A sudden bell startled her. In the doorway, stood a girl, hair falling like a waterfall, a sullen look on her face. She wore a plain turtleneck and a leather belt that hung loose on her torso. An unfamiliar package was held on her hands. A reddish hue tinted her cheeks and Ava wondered if she had been running here.

Ava caught her eyes, letting the stare bore into her. The drive to hold it was inescapable. The girl stared back, an unreadable look in her eyes. For a second her lips twitched and Ava almost thought that the girl wanted to say something.

“I’m leaving this package here. It’s for your mother.” The girl said. Deep in her heart, for a reason unknown, Ava wished it was something else.

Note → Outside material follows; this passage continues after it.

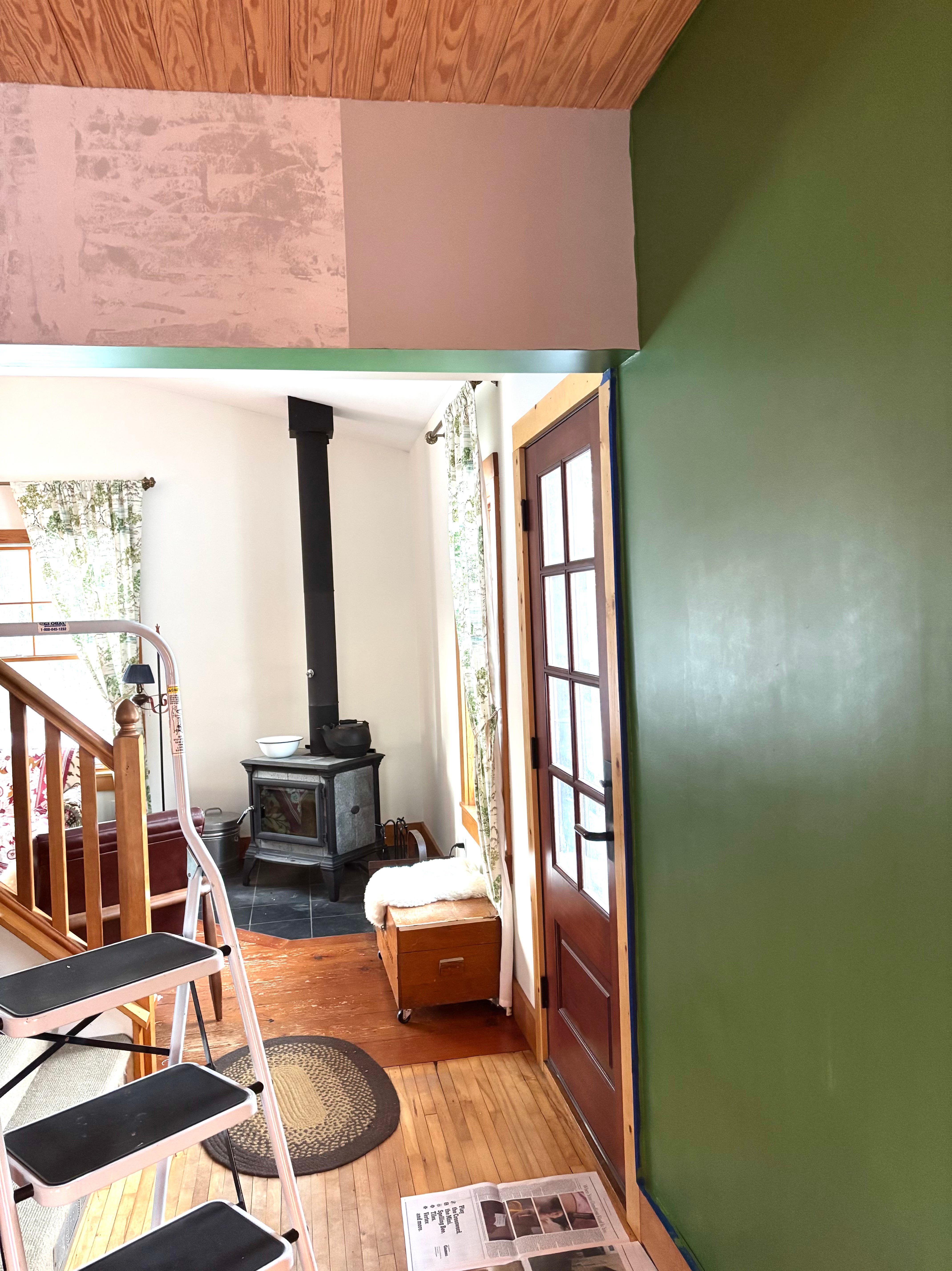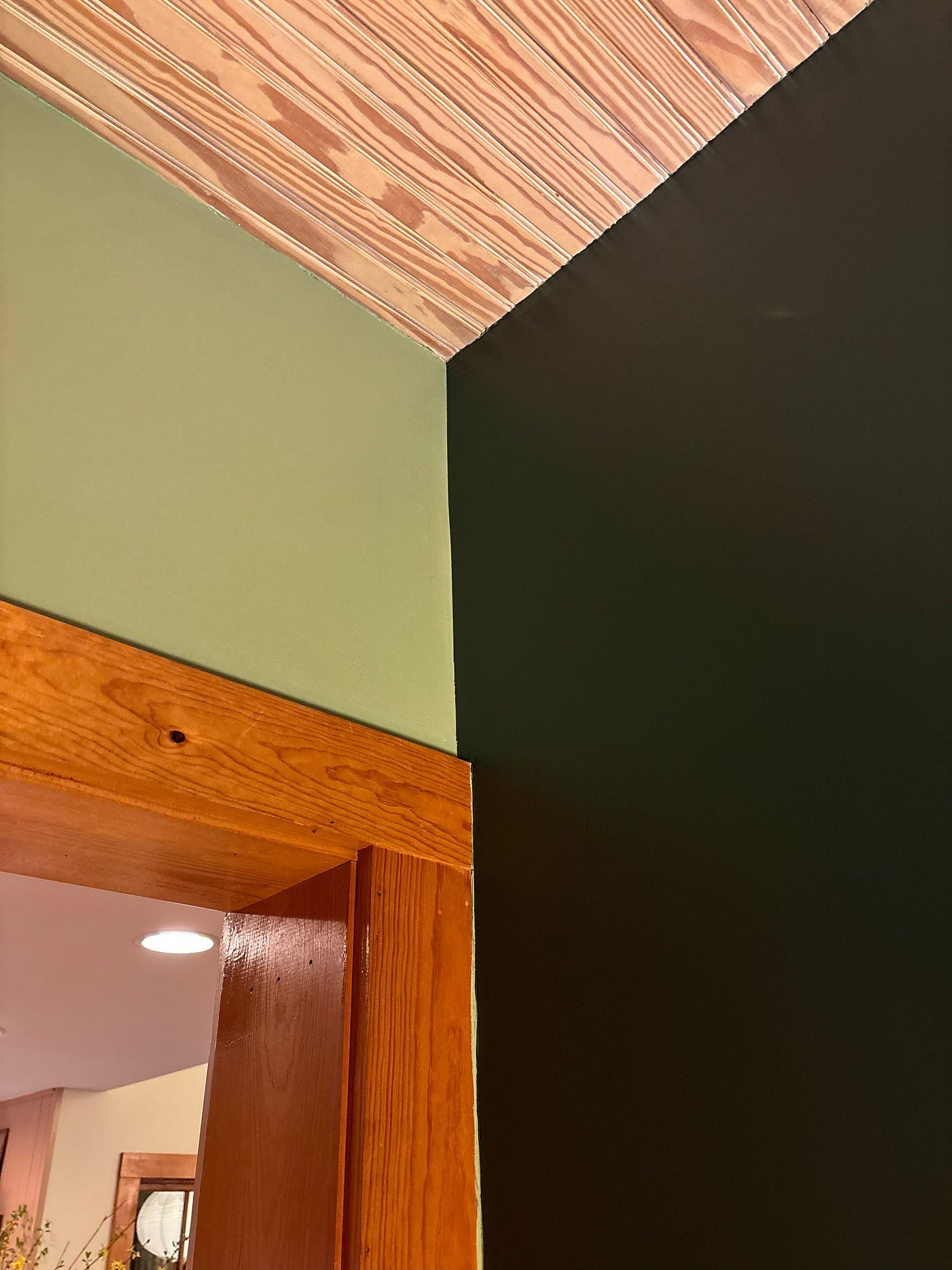 Did you do the ceiling yourselves? I love it!!! The new color is gorgeous. Can't wait to hear where the dark green went.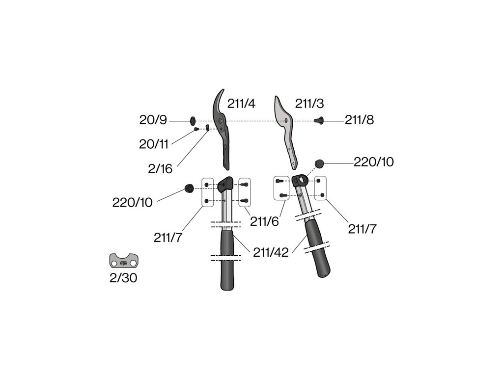 Model obojručných nožníc FELCO 211 disponuje novou a obzvlášť výkonnou strihacou hlavicou s veľkým ostrím rádiusovým tvarom a kovaným protiostrím s výrazným zakrivením. Vďaka tejto novej geometrii je vetva pri strihu usadená bližšie k stredovej osi hlavice, prienik ostria drevom je tak ľahší a výsledkom je čistý a precízny rez. S priemerom strihu do 35 mm sú perfektným nástrojom pre strih tvrdých drevín.

“And your name?” Ava tilted her head, questioning.

“Does it matter?”


The girl scowled, both of them stayed silent until she huffed, putting down the package in Ava’s doorway, and told her, voice low it resembled whispers.

“Sorry, I did not catch it,” Ava said, apologetic.

“You really don’t remember me, do you?” The girl snapped and Ava found herself staring at two searching eyes. The girl’s eyebrows frowned, face frustrated and unsure. It was as if Ava was playing a prank on the girl and she was forcing her to drop the truth bomb; that Ava was just messing around.

Truthfully, Ava had a fair share of childhood friends whom she never contacted after she moved here. Most of them weren’t that close and she simply decided not to, lest she became attached. Still, she was adamant that she had never met this girl before, let alone befriending her.

There was a moment when the girl’s face soured with grief—a realization, perhaps. Anger fled her voice, leaving the words somber, almost desperate.

“Remember me in the next one.”

And with that, she ran; disappearance as swift as her arrival. Ava stood still, a chunk of soiled grass in her hands. For a moment, she truly thought that she had missed something important—something she should have realized upon landing her eyes on the peculiar girl. Black hair, looming eyes, knobby legs. 

The heat became overbearing; she could feel breath puffing in short gasps. Her head spun and she wanted to run—wanted to chase the girl and coax the answers she was withholding. It sounded ridiculous. She wanted to do it.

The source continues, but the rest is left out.